Totally understand this, but if you push it too far and get an under attenuated muddy beer, those savings just cost you a whole batch, which is more than a couple of yeast packs.


----------



## lukiferj (5/12/13)

The main thing is to check the yeast before you reuse it. If it smells or tastes off then chuck it. Same principle applies to liquid yeast.


----------



## HBHB (5/12/13)

mje1980 said:


> Totally understand this, but if you push it too far and get an under attenuated muddy beer, those savings just cost you a whole batch, which is more than a couple of yeast packs.

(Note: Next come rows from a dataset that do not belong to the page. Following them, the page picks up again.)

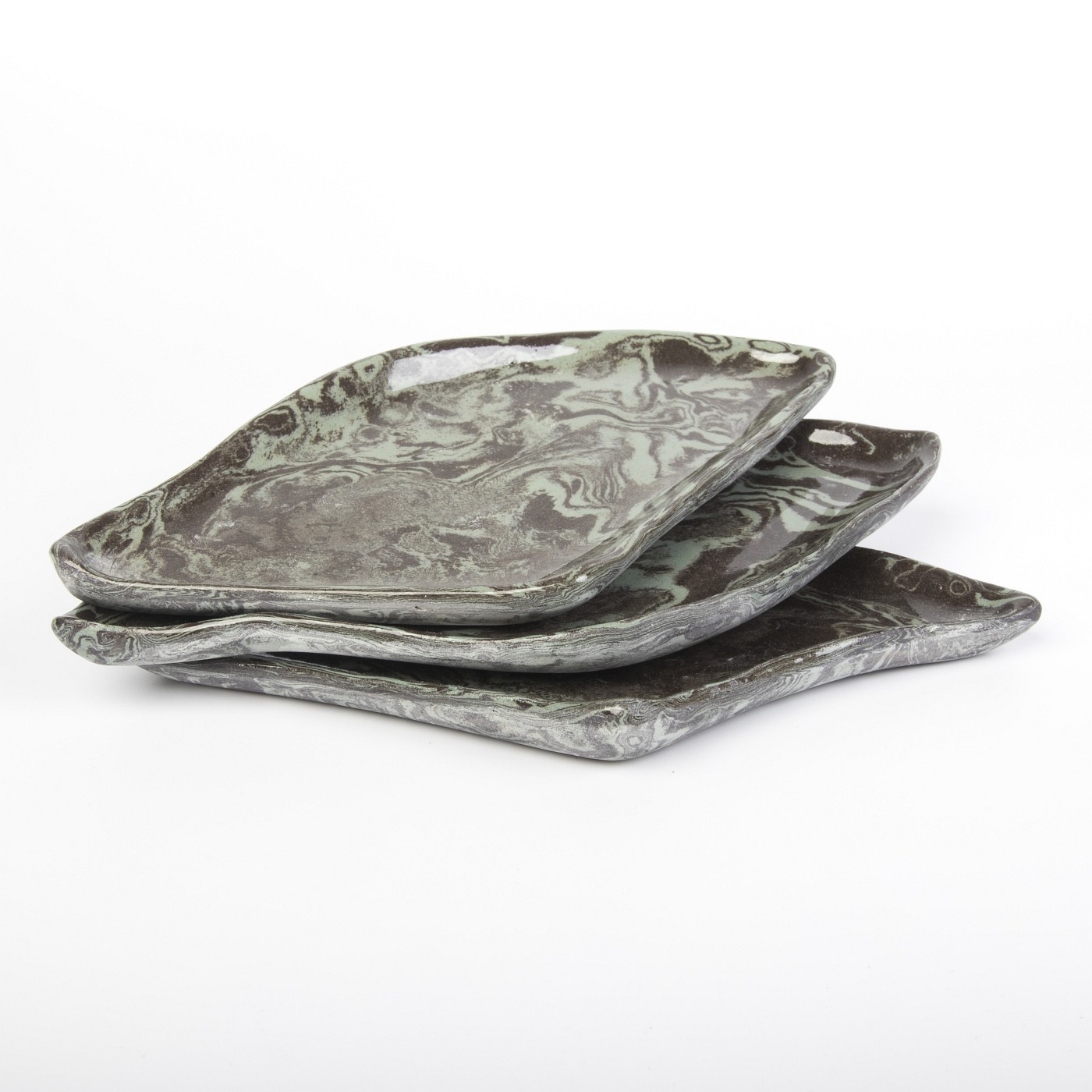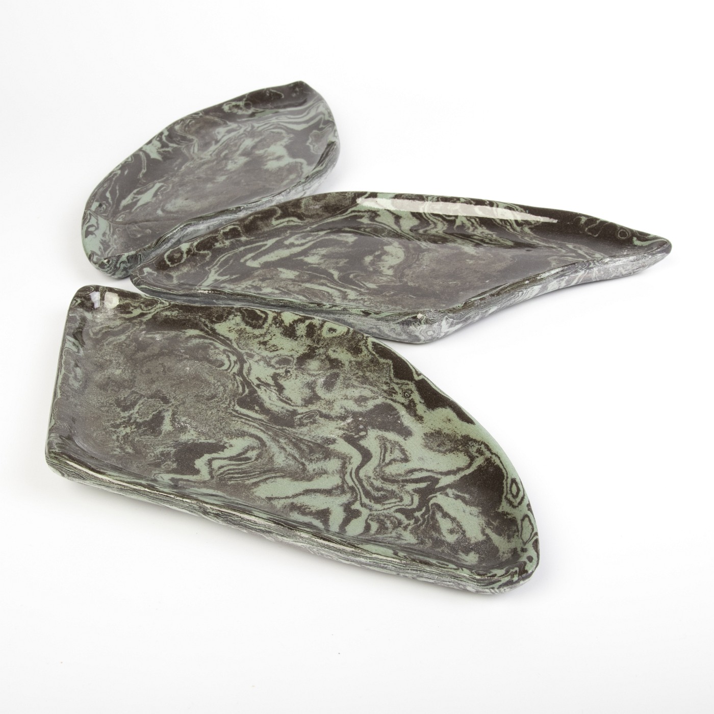 Ten wyjątkowy zestaw trzech ręcznie wykonanych półmisków ceramicznych, które po złożeniu tworzą spójną całość w kształcie koła, wyróżnia się elegancką kolorystyką w odcieniach czerni i błękitu. Każdy element zestawu został starannie zaprojektowany, aby pełnić zarówno funkcję praktyczną, jak i dekoracyjną.
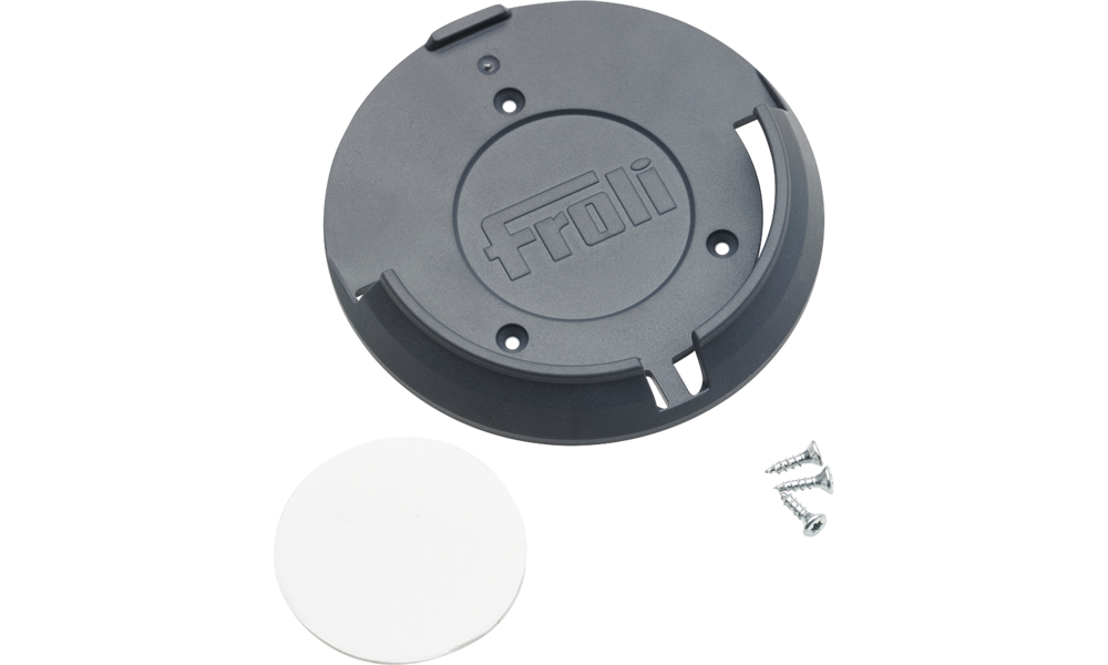 Lieferumfang: Halter für Schutzkappe, ø 100 mm, schiefergrau, 3 Schrauben und 1 Klebepad.
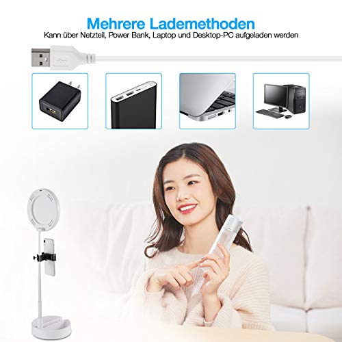 【Mehrere Ladeoptionen】 Diese faltbare Ringleuchte zugunsten die meisten Smartphones kann von mehreren Geräten als Netzteil, Power Bank, Laptop oder Desktop aufgeladen werden.
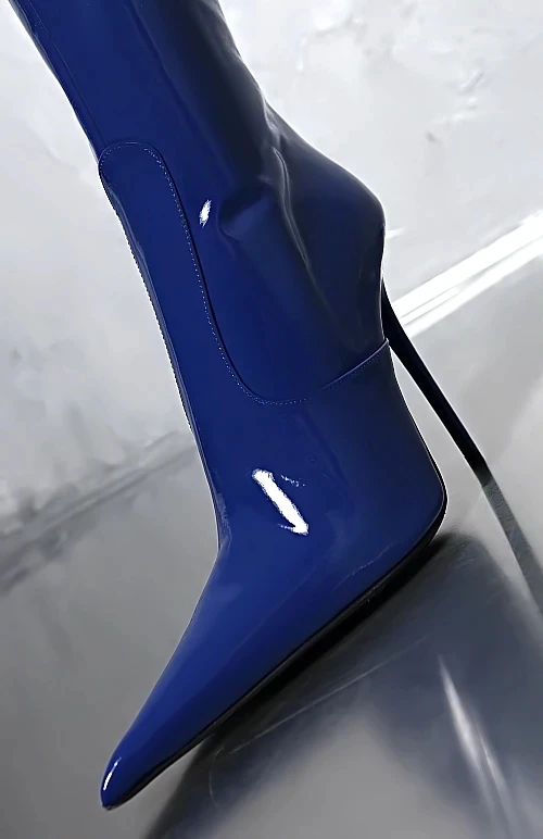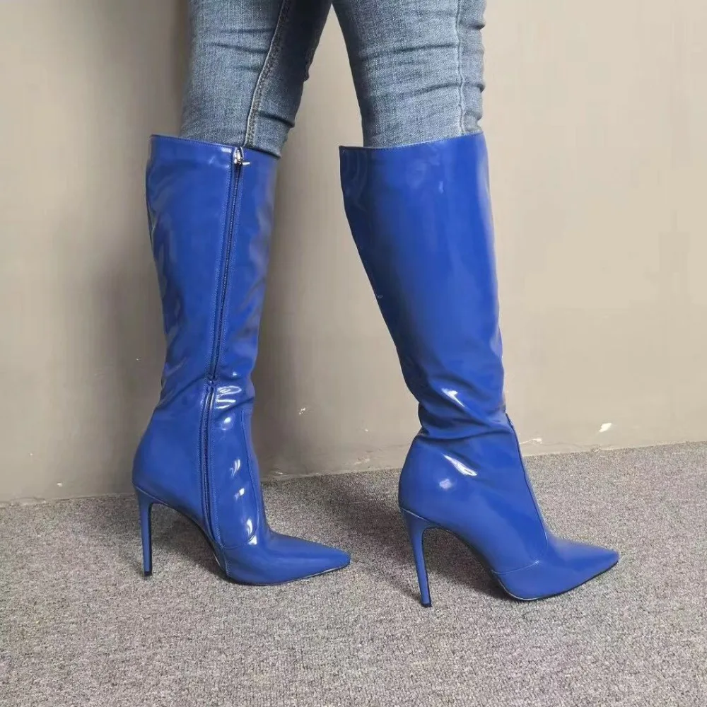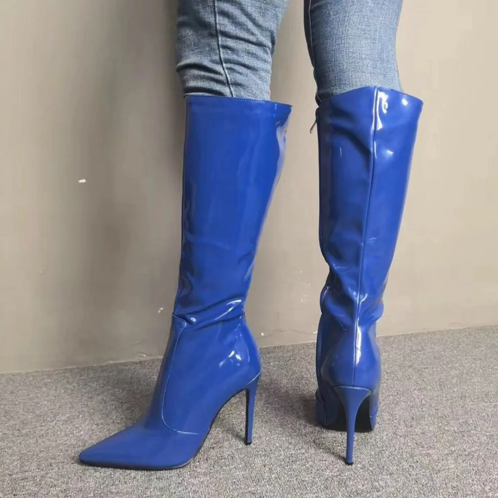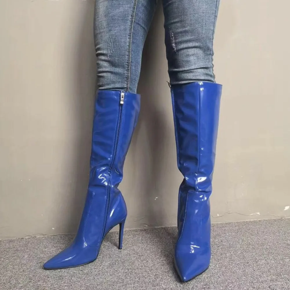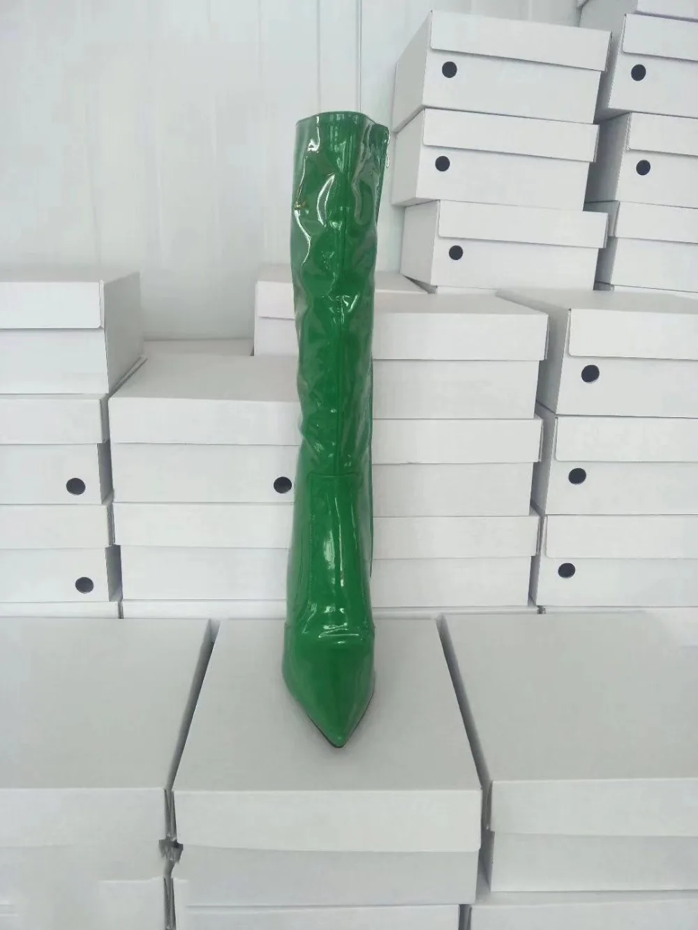 Yifsion New Stylish Women Knee High Boots Thin High Heels Boots Pointed Toe Black Green Blue Dress Shoes Women Plus US Size 5-15.Please Refer to Our Sizing Info When Selecting Size.
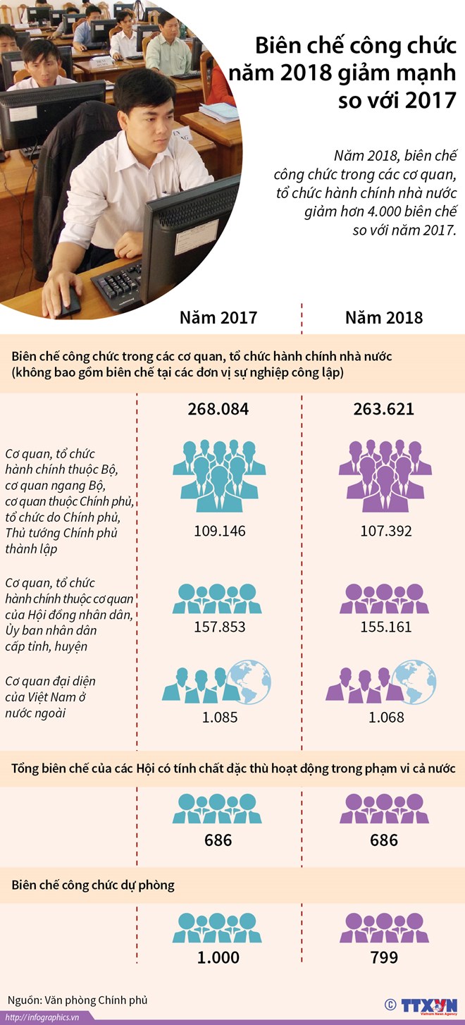 Năm 2018, biên chế công chức trong các cơ quan, tổ chức hành chính nhà nước sẽ giảm hơn 4.000 biên chế so với năm 2017.
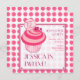 Eine Geburtstagsfeier mit einem Hintergrund von rosa Polka-Punkten vor und zurück. Vorderseite zeigt eine Abbildung eines Himbeerkuchens oben links. Passen Sie die Nummer auf dem Kuchentopf an. Personalisieren Sie den Text unter und rechts vom Kuchen mit Details Ihrer Gelegenheit. Text umgeben von rosa Rahmen.
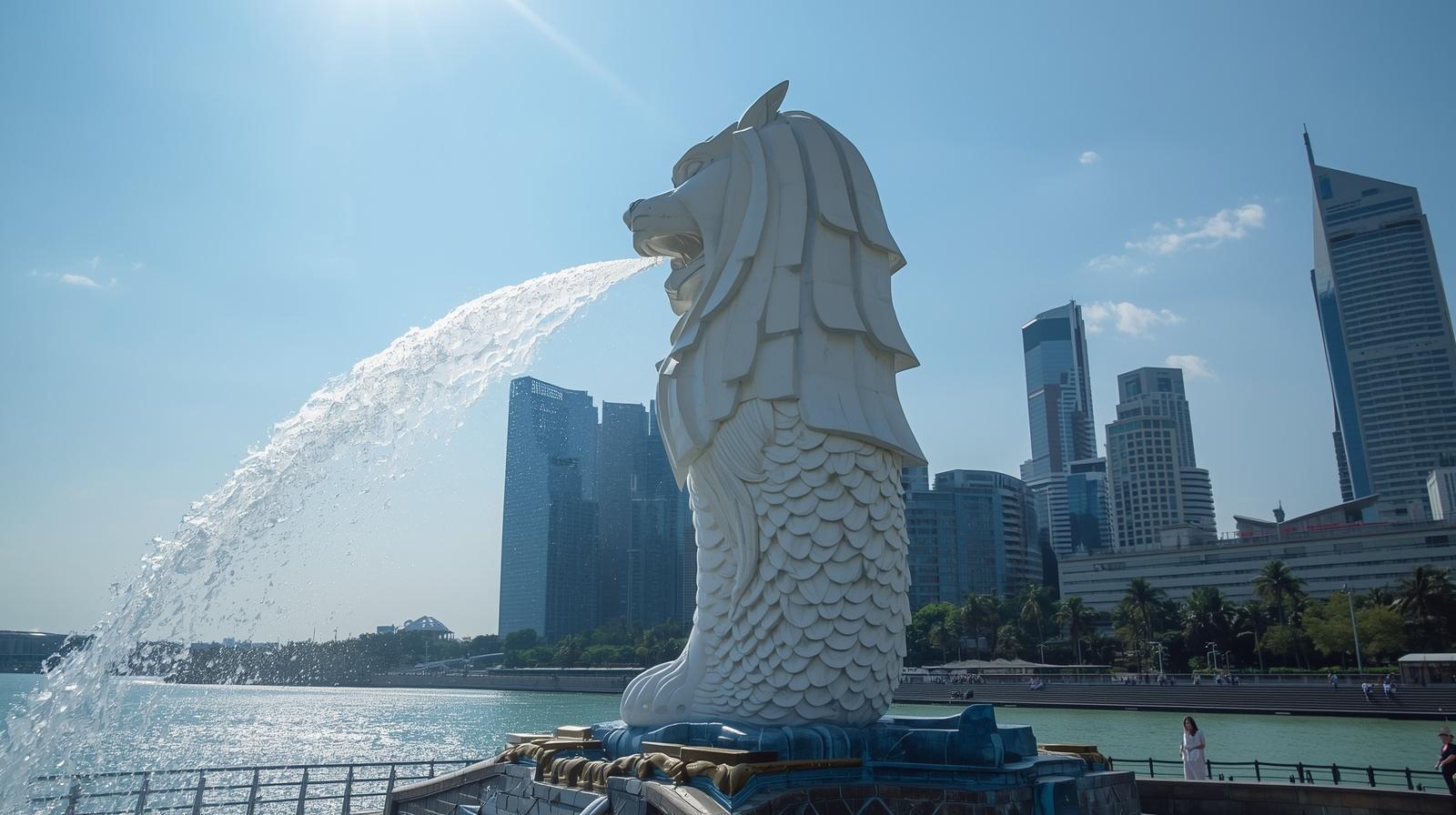 マーライオンについてですが、Merlionは、Mermaid(人魚)+Lion(ライオン)からできた言葉で上半身がライオン、下半身が人魚の姿をしているシンガポールの神話上の生き物でシンガポールのシンボルとされています。

True that. Same applies equally to liquid yeasts being farmed, washed and stored for generations. Personally, i just split the batches, wash and reuse once for most.


----------



## QldKev (6/12/13)

I actually find all my yeast is cleaner second generation. I never brew high gravity beers, so that would help with yeast health. Look after it and it will look after you.


----------



## sponge (6/12/13)

Similarly to Kev, I often find my 2nd and 3rd generations have a nicer yeast profile than the first generations.

Plus if you're making a big beer, you'll either need multiple packs, or you can just start off with a smaller beer and use some slurry, which you know is nice healthy yeast, especially if it's washed.

Fresh is best when it comes to yeast. Love and care for it and it shall reward you handsomely.


----------